Un jour, il y a même eu pas mal de vent, dans la nuit un gros orage sec a brisé des branches et secoué le camping-car, cela a agité la mer et soulevé de belles vagues qui venaient se briser sur les rochers. Cette photo a été prise le 24, alors que j’étais garé sur le terrain vague dont j’ai parlé.

 

573j entre Valderice et Trapani

 

573k entre Valderice et Trapani

 

De là aussi j’ai regardé le soir tomber sur la mer, de là j’ai vu ce coucher de soleil. Voilà quelle a été ma vie pendant ces quelques jours. Le 27 au soir, je récupérais Natacha à l’avion à l’aéroport de Birgi. Elle était un peu sonnée par tous ces transports, ces changements, et surtout le dépaysement, plongeant d’un coup d’aile de la Sicile mouvante, bruyante, éternelle, à une Pologne slave, calme, même si à Varsovie le soleil tapait à 35°. Depuis septembre 2009, elle comme moi n’avons connu de demeure que le camping-car, là elle dormait dans de vrais lits, entre des murs de brique ou de pierre. Et puis elle rapportait une impressionnante moisson de photos et de notes à trier et à classer, ainsi que des livres car si moi je peux trouver des romans en français dans les grandes villes d’Italie, elle a plus de mal à trouver de la lecture en russe, en biélorusse, en polonais ou en ukrainien, qui sont les langues qu’elle pratique le plus aisément et le plus couramment. Nous sommes donc restés encore quelques jours au camping du Lido di Valderice.

 

Je rédige ces lignes aujourd’hui samedi 31 juillet.
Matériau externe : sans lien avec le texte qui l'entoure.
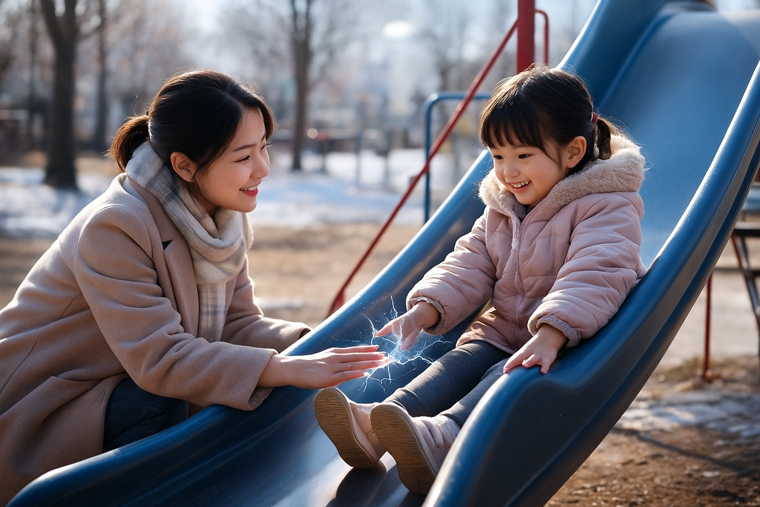 冬は一年の中でも特に静電気を感じやすい季節です。公園の滑り台や手すり、車のドアなど、日常のあらゆる場面で「パチッ」となるため、子どもと一緒のお出かけが少し憂うつになることもあります。ここでは、なぜ冬に静電気が増えるのか、特に滑り台で起こりやすいのかを整理しておきましょう。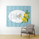 Un élégant design de Fête des mariées avec un arrière - plan en tuiles bleues et une tasse de citrons.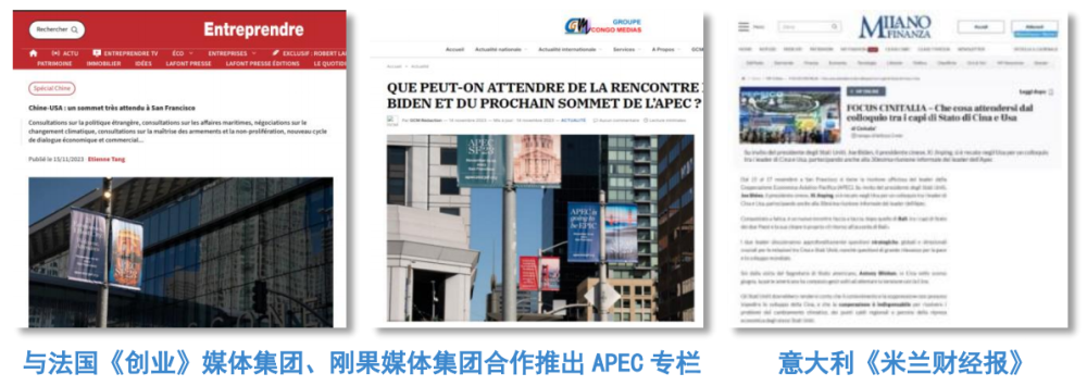 合作传播。总台与法国、俄罗斯、意大利、委内瑞拉、哈萨克斯坦、阿尔及利亚、叙利亚、伊拉克、摩洛哥等国31家媒体合作发布中美元首会晤相关报道78次。总台与法国《创业》媒体集团、刚果媒体集团、布基纳法索庭伽新闻推出APEC专栏,联合策划发布《中美元首会晤值得期待》等文章。意大利《米兰财经报》刊发总台意大利语特稿《中美元首会晤,为中美关系领航,促全球发展受益》。

Nous sommes rentrés cet après-midi à Palerme que nous n’avons pas fini de visiter. En route, nous nous sommes arrêtés au tout nouveau centre commercial Poséidonia ouvert par Auchan sur l’autoroute à une dizaine de kilomètres de Palerme, pour remplir le réfrigérateur et les placards, puis nous avons regagné le parking aménagé que nous connaissons bien pour y avoir résidé lors de notre premier séjour, en début de mois. Demain, nous reprendrons nos activités de découverte.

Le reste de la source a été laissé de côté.